I noticed that many neophytes, drunk with movies and American series, constantly compare our law and our judicial system with those of the Anglo-Saxon countries. And yes, here, no "objection, your honor", copyright, jurors in the civil courts, the principle of judicial precedent …

A quick update on the English and American legal systems is needed. In future articles, I will discuss the sources of French law.

Great Britain (England, Wales and Scotland) does not have a written constitution. The structural organization of the country derives from simple laws and customs.

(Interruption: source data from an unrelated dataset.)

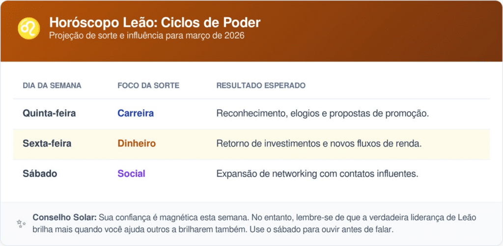 Os nativos de Leão recebem um influxo de visibilidade que acelera respostas pendentes em processos seletivos ou promoções. A sorte para este signo se manifesta através do brilho pessoal, tornando-o irresistível para novos parceiros de negócios e investidores atentos.
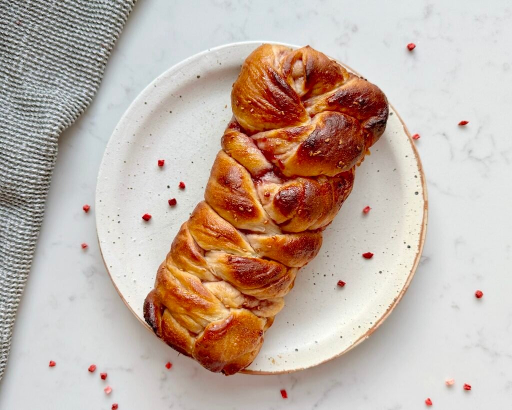 I have become a big lover of babka bread, I first tried it a while ago when I made some babka rolls and since then I wanted to try a loaf version. I used raspberry spread for the filling and my usual yeast based bread recipe.
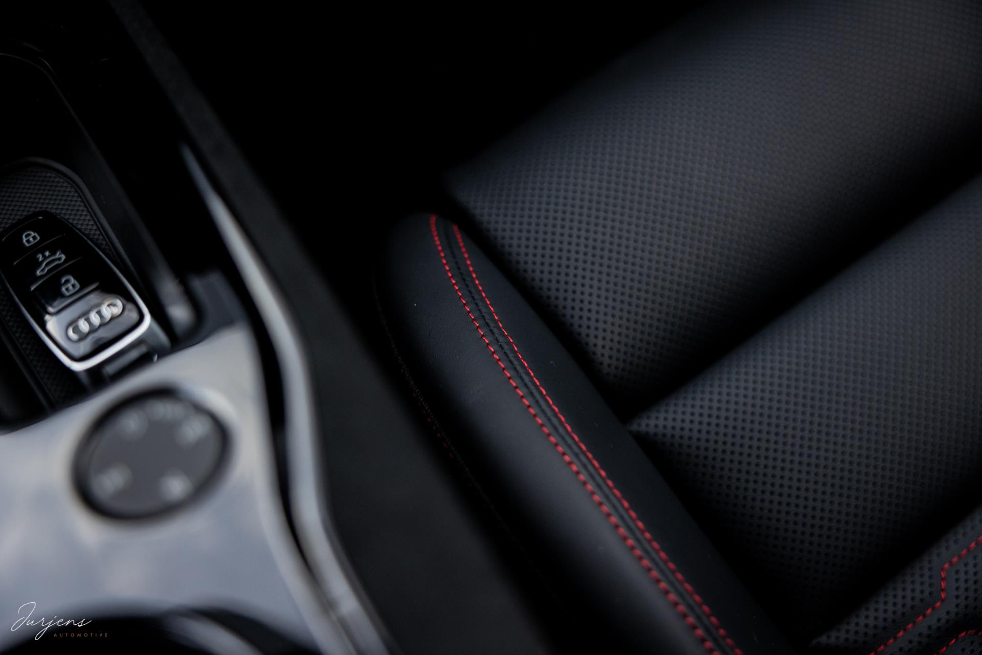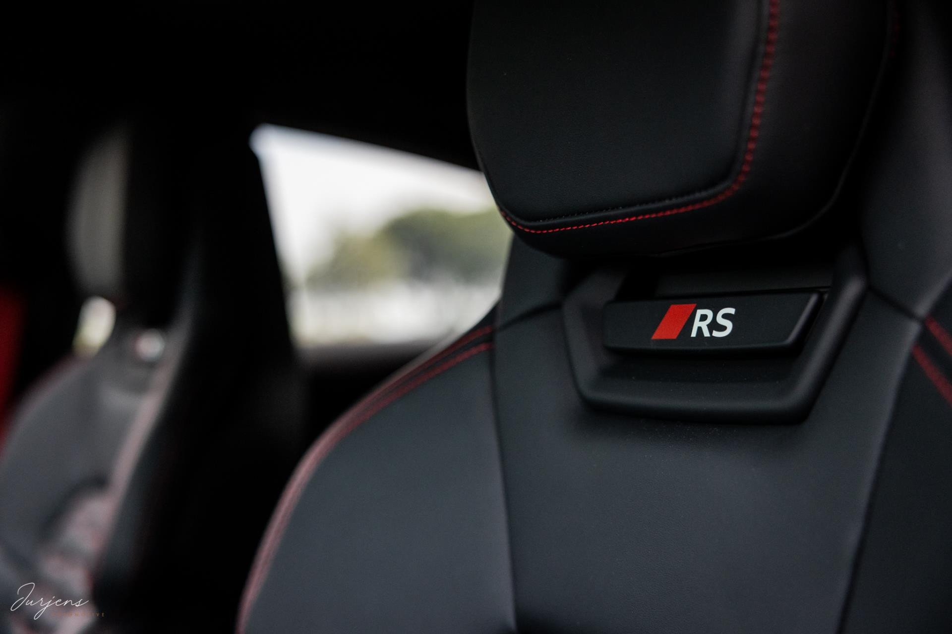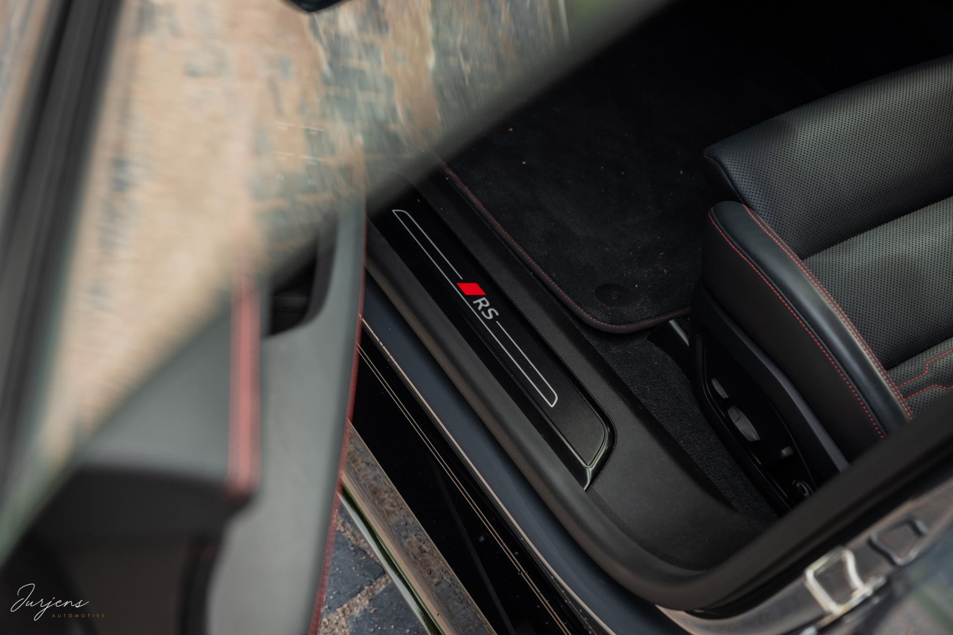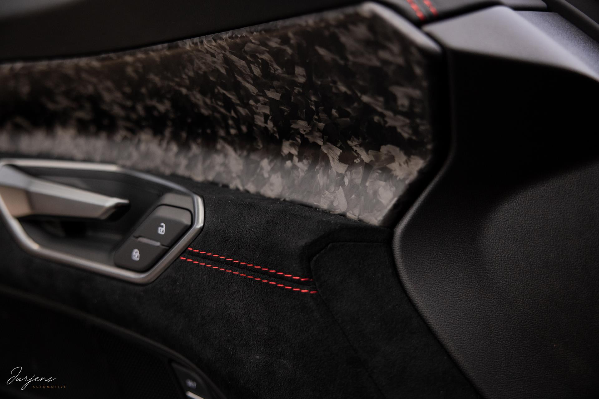 Het interieur kenmerkt zicht door high-end materialen en de uitstraling is toegespitst om de sportieve eigenschappen. De sierlijsten zijn ook hier uitgevoerd in forged carbon en de luxe sportzetels uitgevoerd in Fijn Nappa lederen bekleding met honingraat stiksels. Gekozen is voor het RS Design pakket Rood met bijzondere rode kenmerken in het interieur zoals de stiksels, gordels en de 12-uur indicatie op het Audi Exclusive stuurwiel.
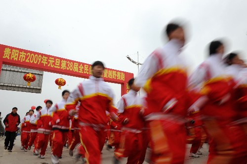 当日,贵阳市金阳区近万名群众参加了贵阳市2009年元旦第38届全民健身跑暨越野赛跑活动。
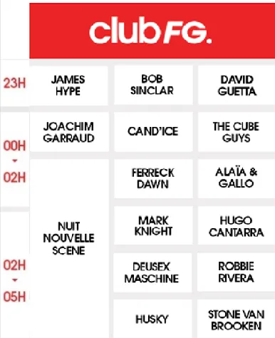 Les jeudis, vendredis et samedis, les meilleurs DJ de la planète, mixent en exclusivité sur RADIO FG… Jusqu’au bout de la nuit, c’est CLUB FG.
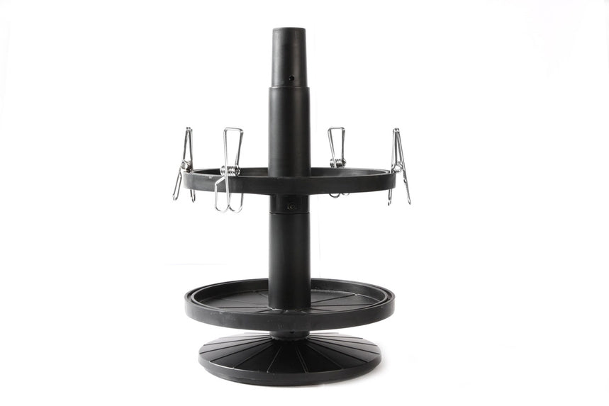 This compact paint jar stand features two rotatable circular shelves that enable convenient storage of either 14 jars of Tamiya Acrylic Paints or 18 jars of Tamiya Enamel Paints. The stand also comes with 4 alligator clips for holding small parts or securing painted parts while they dry. Overall height = 220mm
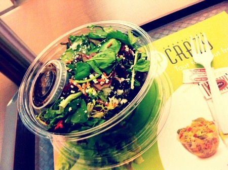 Je suis finalement tombée sur un Chop Crazy, un resto fast-food que je ne connaissais pas. Ils vous invitent à créer votre propre salade en choisissant parmi une panoplie d’ingrédients! Vous pouvez également sélectionner une de leurs créations maison.
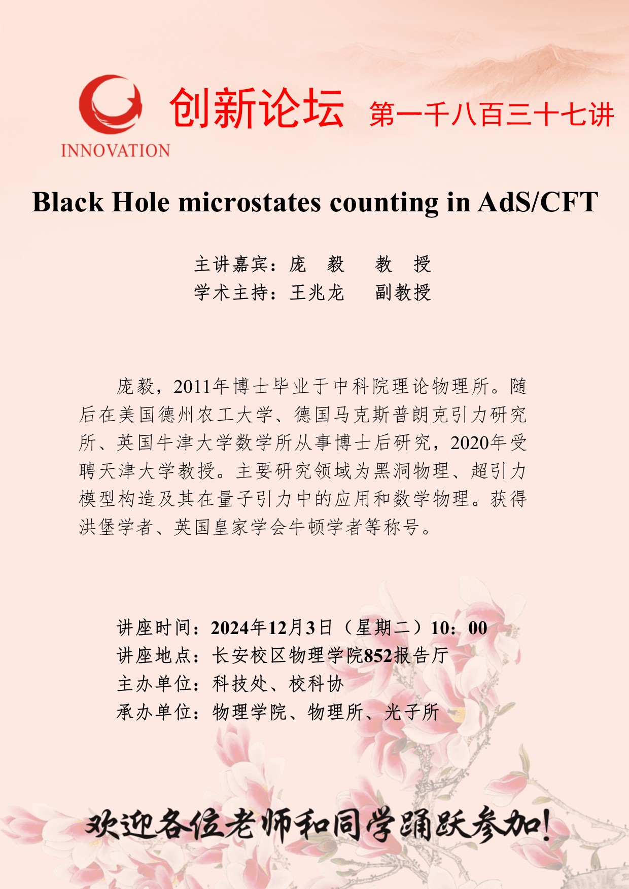 庞毅 教授 必赢3003no1线路检测中心创新论坛第一千八百三十七讲:Black Hole microstates counting in AdS/CFT 讲座时间 2024年12月3日(星期二)10:00 讲座地点 长安校区物理学院852报告厅 讲座人介绍 庞毅 教授 讲座内容
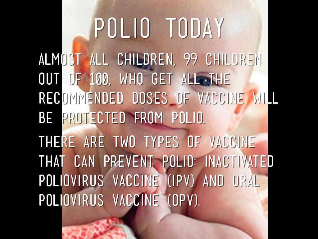 There are two types of vaccine that can prevent polio: inactivated poliovirus vaccine (IPV) and oral poliovirus vaccine (OPV).
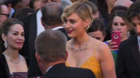 Saoirse Ronan e Greta Gerwig si sono presentate rispettivamente in rosa e in giallo, Helen Mirren ha sfoggiato un elegantissimo abito blu, Sally Hawkins si è presentata con un abito argento scintillante, così come Gal Gadot, mentre Meryl Streep in rosso acceso. In lilla, invece, Salma Hayek, con un vestito tempestato di paillettes, oro metallico per Jennifer Lawrence, ed Emma Stone, sfidando la consuetudine, ha scelto un tailleur con giacca rubino su pantalone nero, fasciato da una cinta fucsia.
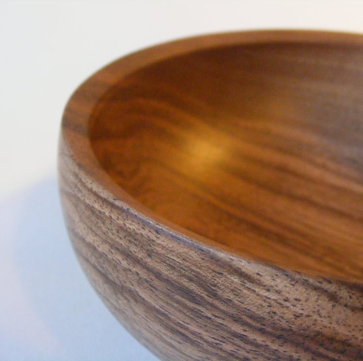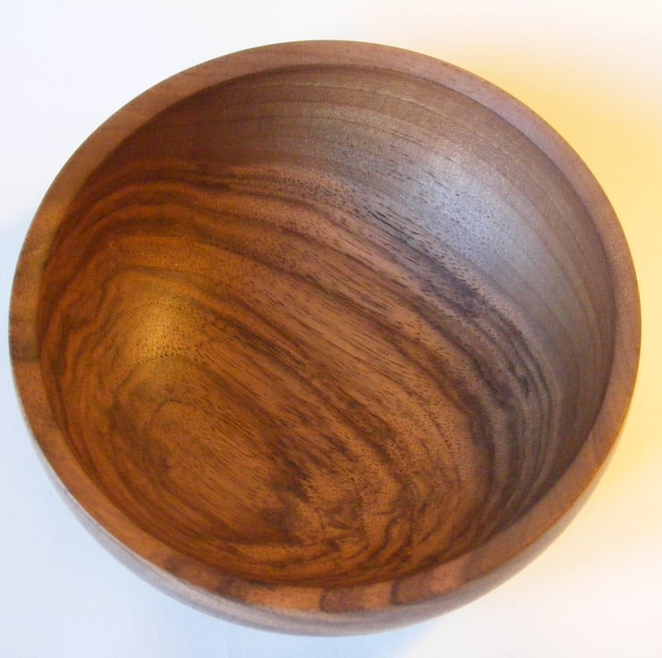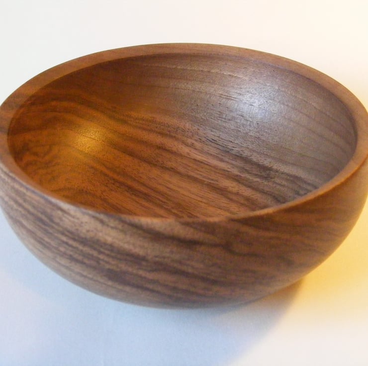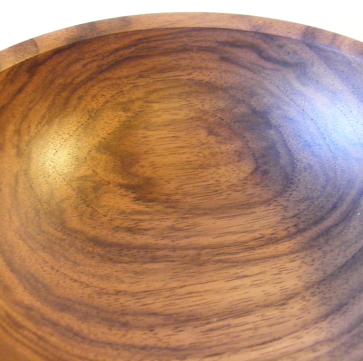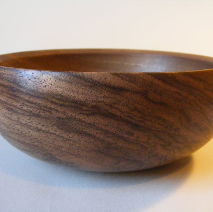 Walnut Bowl, 146mm x 58mm high, finished in Danish oil. A really pretty Walnut bowl with an in curving top, sloped rim and a lovely rounded shape, it has chocolate coloured light and dark streaks in the grain.

English law is made up of legal texts (the first being the famous Magna Carta, reissued by Henry III in 1225) but above all a very important amount of jurisprudence called the common law . Unlike French law, English written laws correct and clarify the common law and not the other way around.

The common law began to emerge with the appearance of royal courts in the eleventh and twelfth centuries. It presented a very restrictive formalism, hence the emergence of a parallel system: equity, which calls upon morality to deliver justice.

on its side, for several centuries, the written law has been almost non-existent. It did not really develop until the nineteenth century.

The importance of jurisprudence in English law is linked to the principle of the judicial precedent that when a court decides a dispute, it must consider previous cases with similarities and necessarily adopt the same solution.

American law originated in the founding of English colonies subject to common law and equity.

In 1789, with the ratification of the American Constitution, was established a federal government as well as a legislative and judicial system comprising three organs: the Congress, the President and the Supreme Court.

The Supreme Court interprets the laws and regulations voted by the Congress and determines their constitutionality.

In 1791, the Congress ratified ten amendments to the Constitution, including Amendment X, which provides that "powers not delegated to the United States by the Constitution or which are not refused by it to States shall be given to States or to citizens ".

Thus were born the governments of each state, each with its own constitution, its own senate and chamber of representatives, and its own supreme court.

The American legal system is based on English common law, which borrows from the principle of judicial precedent, the Constitution and federal laws and regulations and, to a lesser extent, the constitutions of each State and the decisions of their respective courts. jurisdictions.